That last one was one of the 'big fish' of these milestones, and I'm really happy to have it merged (so that I could get to the other big fish).

Protected shares

Earthstar's data model divides universes of data into shares. You could have a share for your family, another for your gaming friends, another for collaborators on your open source project.

Shares are basically a namespace represented by an address. Up to now, a share address would look something like this:

+earthstardevs.b23xue8orl

If you know this address, you can create your own replica keyed to this share and start writing documents to it. And then you can sync that replica with other user's replicas of the same share.

Which basically means a share's address grants write access to that share. Which makes it a very sensitive bit of information.

The random suffix of the share address (e.g. .b23xue8orl) was a way to make a share address harder to guess. But this doesn't help much when the address leaks, e.g. through a screenshot, looking over a shoulder, or other means.

This meant I had to spend time doing funny things like hiding the suffix in UIs. But no longer!

The next version of Earthstar will introduce protected shares. Obtaining a share address will only confer the ability to sync with other replicas and read that share's documents. To write to a share, you will also need a share secret.

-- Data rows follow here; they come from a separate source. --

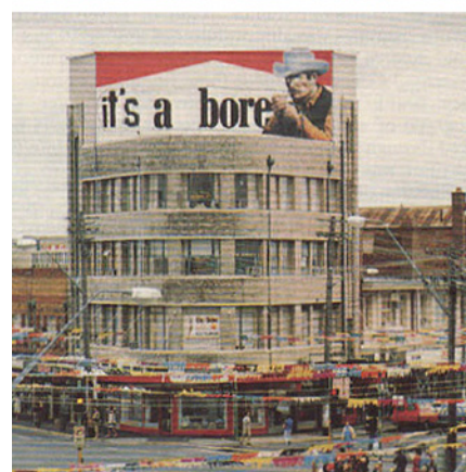
Australia: citizens' action 'improved' tobacco billboards such as this iconic Marlboro billboard in Sydney, seen before and after treatment, in the early days of tobacco control.

reporting improvements. As Tobacco Control moves forward into its second 20 years, readers are urged to keep helping us to place on record the best—and the worst—news as they witness it. Their experiences can equip, inspire and embolden others still struggling to achieve similar aims. To educate a recalcitrant health minister, say, or to encourage a keen one battling to obtain tougher action, there is nothing like a published piece in a prestigious international journal to show what is taking place elsewhere. We look forward to continuing to report news from every corner of the world, until the tobacco pandemic exists only as part of history.
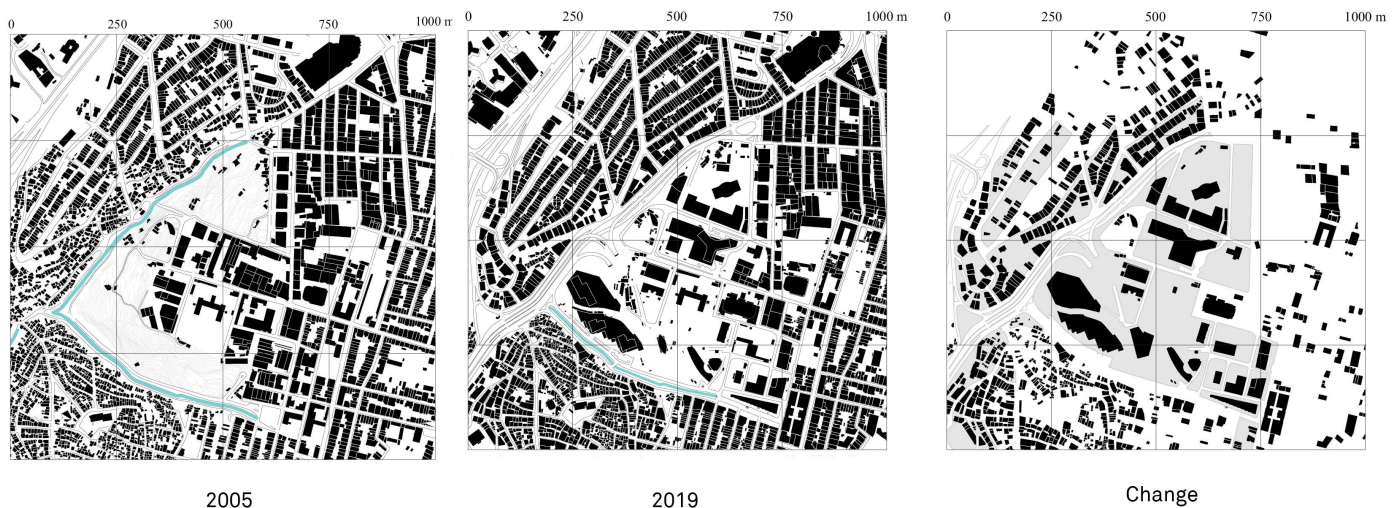
Figure 3. Transition of the building fabric in Bomonti.

at the beginning of the 21st century, later, a central business area in 2005, and received intensive zoning rights to encourage private developers. This decision potentially was shaped due to the existing lands whose construction permissions were increased. Accordingly, large capital groups started to deposit their capital in the area and turned this place into a profitable investment occasion by purifying the manufacturing identity to host business activities together with residential, hotel, and entertainment functions.
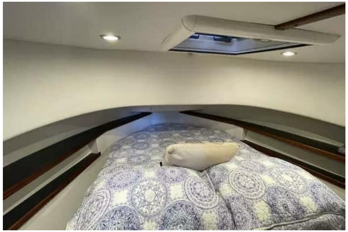
Main stateroom Queen size bed
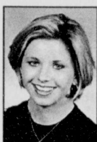
Amy Curry Staff Writer

and Dykes' coaching ability were back in the stands and more faithful than ever.
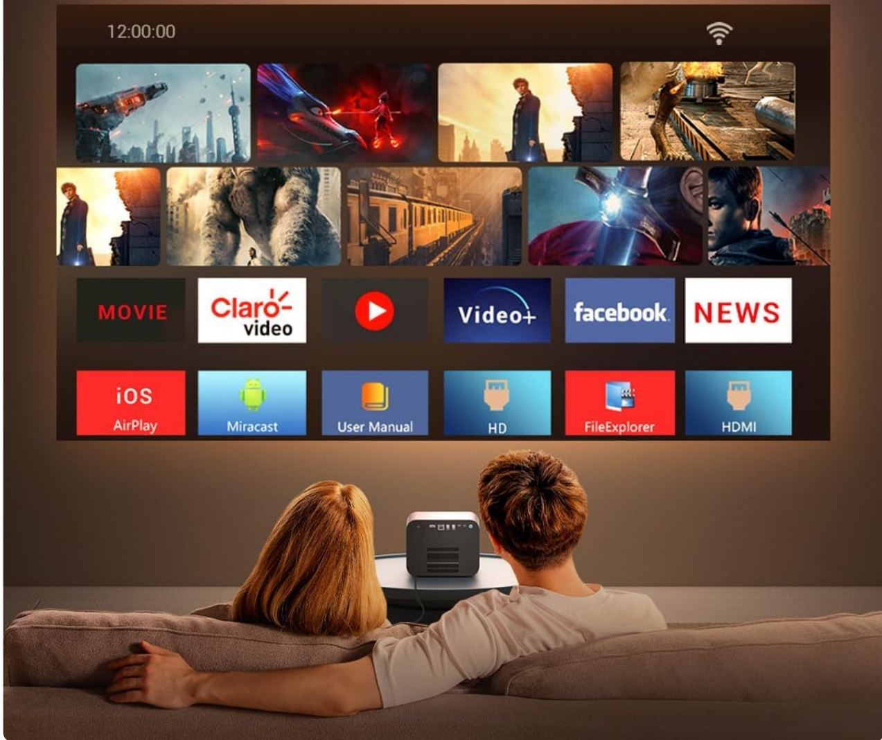
Image 3.2: The Android 11.0 interface of the projector, showing various pre-installed applications and options.
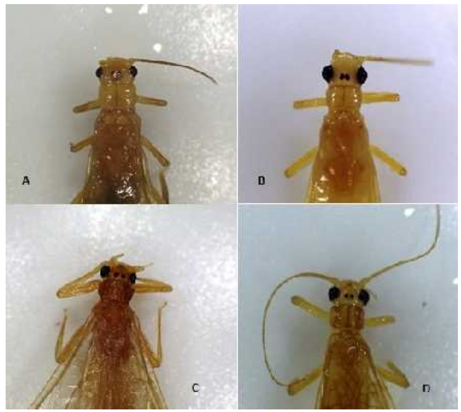
Fig. 3 Phanoperla bakeri Banks 1924 (A); Phanoperla flaveola Klapalek 1910 (B); Neoperla obliqua Banks 1913 (C); Neoperla oculata Banks 1924 (D).
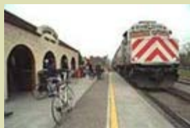
New mobility systems promote intermodal transportation

Transportation has transformed society over the centuries. From cross-country railroads, to electric and urban railroads, to the automobile, which now accounts for 95 percent of all person-miles of surface travel in the United States, each transportation system has left a mark on our past and present culture.
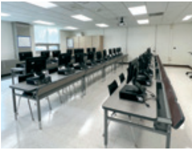
The remodel of the tech ed spaces includes a computer lab.

completed. This phase also included the purchase of new welding equipment, a sheet metal shear, and a press brake, purchased through support of donors at the Centennial Area Education Foundation's spring gala.
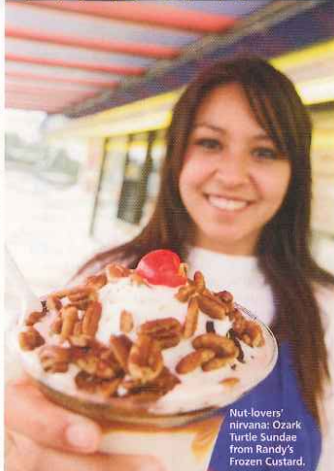
Nut-lovers' nirvana: Ozark Turtle Sundae from Randy's Frozen Custard.

Strawberry-rhubarb with almond (937/361-7785; dessertsbyannk.com).
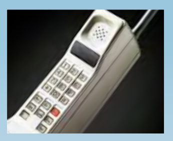
1973 'smart' phone
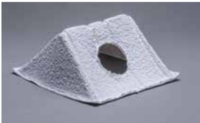
L 8" x W 7" x H 3.75"
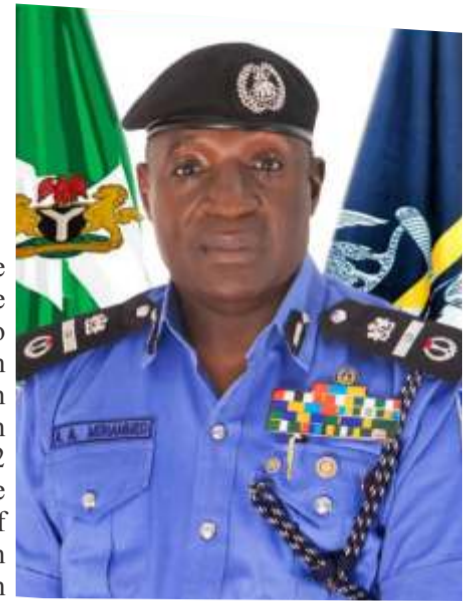
AIG Ali Muhammed

well while criminals are warned to relocate from Lagos and Ogun States which form the Zone 2 Command else the long arm of the law will catch up with them soonest
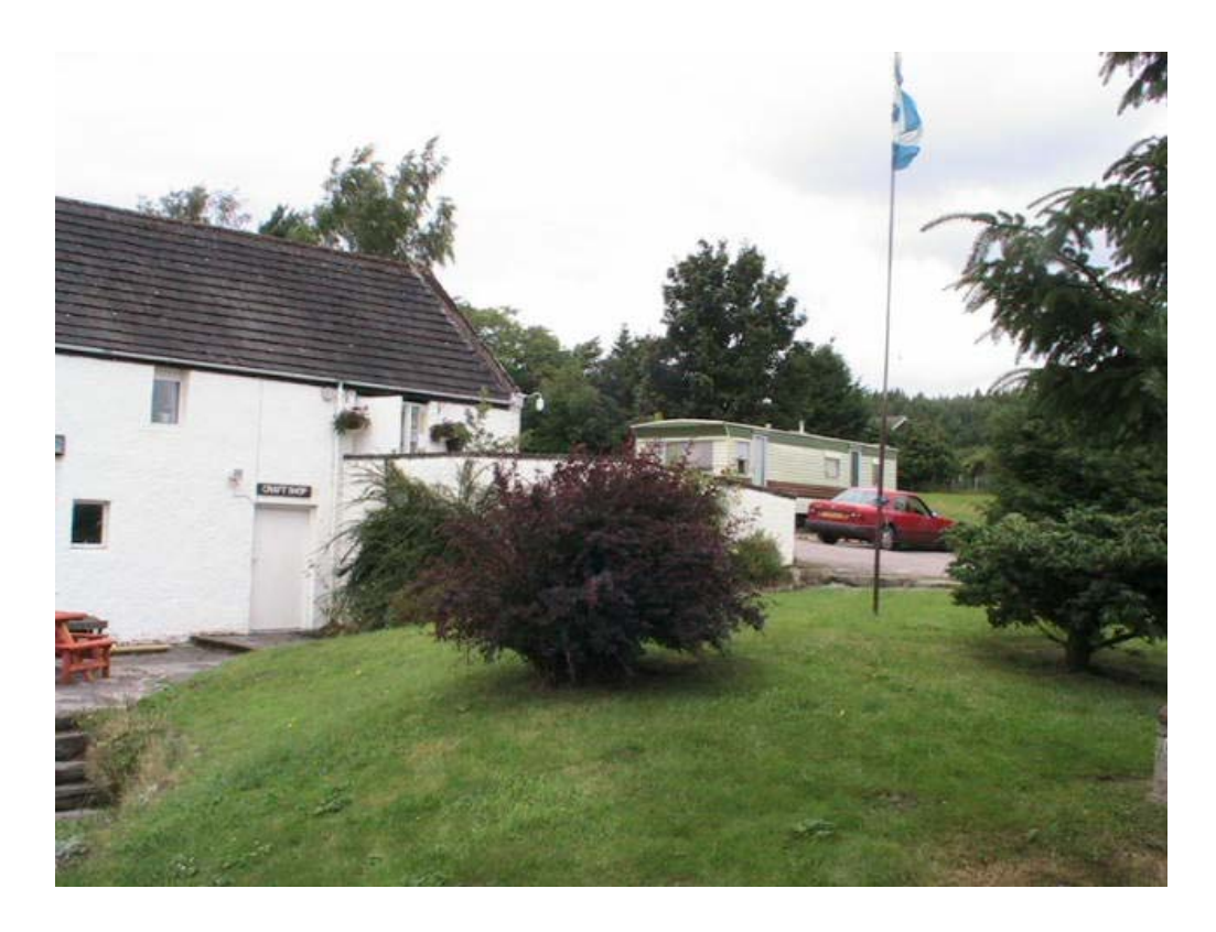
Fig. 3. Craggan Mill Restaurant and Site of Proposed House on Site of Caravan

3. The proposal is to erect a new permanent dwellinghouse for the owners of the restaurant. They purchased the business in 2004 but the previous owners decided to remain in the existing house to the rear. This meant that no house was available for the applicants, hence the need for the temporary accommodation. The proposed house is to be positioned on the north side of the restaurant (site of caravan) with access maintained to serve the existing house to the rear. A new combined septic tank and soakaway for the proposed and existing houses is proposed but the restaurant will continue to be served by its own private drainage treatment system.
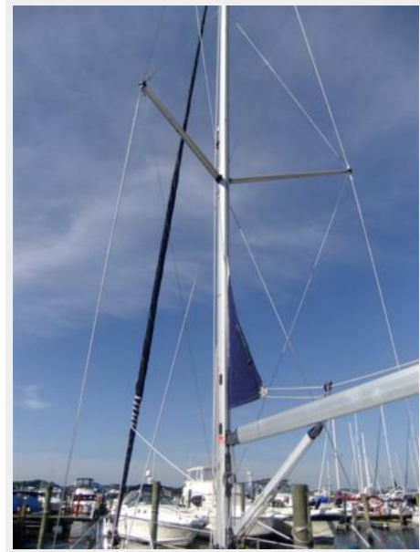
Hunter 41 DS Rigging

The share address' suffix will become a public key:

+earthstardevs.biwgovmepjonvx3kticeuc7rsk3mee6q25q7osl5dqj3fhl2mbawq

to which you need the corresponding secret to write valid documents to the share.

This opens interesting new use cases for Earthstar shares where a trusted group publishes work to the broader public, like blogs or podcasts.

It also makes it easier for shares to be hosted, as replica servers only need the public address to replicate a share.

There will be no option for secretless shares in the future.

Efficient synchronisation

In my May + June update, I was excited about range-based set reconciliation, a new method of identifying differences between two sets and reconciling them, and potentially using that to improve Earthstar's syncing. I talked about it like I was going to get it done over a weekend. Happy days.

These past few weeks I've been working with Aljoscha Meyer to create a new JS implementation of this method, and am about to start integrating this new module with Earthstar. Thanks to Aljoscha's wonderful guidance, I've learned a lot about this method and thought it would be interesting to outline it here!

Imagine you have two sets with only some elements in common.

Two sets with four elements, represented by colours. They have only two elements in common.

How do we determine the difference between the two sets while sending as little information as possible between the two peers?

Enter this method's first trick: generating fingerprints.

An new colour derived from mixing all the colours of the set, representing the fingeprint.

So for example, if the fingerprints for both sets match, then we know that both sets are extremely likely to hold the same elements. And all we had to exchange was fingerprints!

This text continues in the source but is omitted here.